Czasami są takie dni, że mam ochotę wystrzelić się w kosmos, aby mieć chwilę spokoju. Najczęściej dzieję się tak wtedy, gdy Karol urządzi pobudkę o 5 rano, a o 9 jest już zmęczony. Chętnie położyłabym go na drzemkę, ale co ja później zrobię o 15? Nie ma opcji na popołudniową drzemki, bo imprezę skończymy o 22 albo i później.
Co w takiej sytuacji? Pakuję prowiant i wyruszamy na długi spacer. Zaliczamy plac zabaw, kanał z kaczkami, stragan z owocami i warzywami. Lato jest cudowne! Czas mija błyskawicznie, a dziecko przestaje marudzić.

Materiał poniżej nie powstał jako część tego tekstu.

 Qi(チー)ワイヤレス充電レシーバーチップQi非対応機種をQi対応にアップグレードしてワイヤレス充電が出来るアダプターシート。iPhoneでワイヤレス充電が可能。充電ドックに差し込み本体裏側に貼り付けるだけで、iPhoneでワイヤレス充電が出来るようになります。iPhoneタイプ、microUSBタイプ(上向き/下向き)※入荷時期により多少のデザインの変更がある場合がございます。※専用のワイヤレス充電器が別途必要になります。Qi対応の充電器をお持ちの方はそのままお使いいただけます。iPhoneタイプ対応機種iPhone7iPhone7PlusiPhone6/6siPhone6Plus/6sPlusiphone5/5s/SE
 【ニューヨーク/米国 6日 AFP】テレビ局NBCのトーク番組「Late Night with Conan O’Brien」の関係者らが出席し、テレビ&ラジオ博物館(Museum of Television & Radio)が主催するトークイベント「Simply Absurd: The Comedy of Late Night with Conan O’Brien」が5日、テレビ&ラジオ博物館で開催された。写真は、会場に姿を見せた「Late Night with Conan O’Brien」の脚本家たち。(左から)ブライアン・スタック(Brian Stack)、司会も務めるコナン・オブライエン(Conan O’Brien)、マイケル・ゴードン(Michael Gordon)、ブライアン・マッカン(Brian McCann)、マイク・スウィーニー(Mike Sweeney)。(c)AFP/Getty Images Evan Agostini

Placuszki twarogowe z pomidorami i bazylią
Lista składników:
- 1/2 kostki twarogu
- 1/2 szklanki passaty pomidorowej
- garść świeżych liści bazylii
- 1 jajko
- 1/2 szklanki mąki (u mnie gryczana)
- olej do posmarowania patelni
Sposób przygotowania:
- Do miski wkładam twaróg, wlewam passatę i wbijam jajko. Całość zagniatam widelcem aż składniki połączą się. Dosypuję mąkę i drobno posiekaną bazylię. Mieszam składniki.
- Patelnię nagrzewam i smaruję kilkoma kroplami oleju. Gdy jest gorąca zmniejszam moc palnika o połowę. Łyżką wykładam ciasto na patelnię. Smażę placuszki pod przykryciem.
Uwagi:
- Z podanych ilości przygotowałam 12 placków.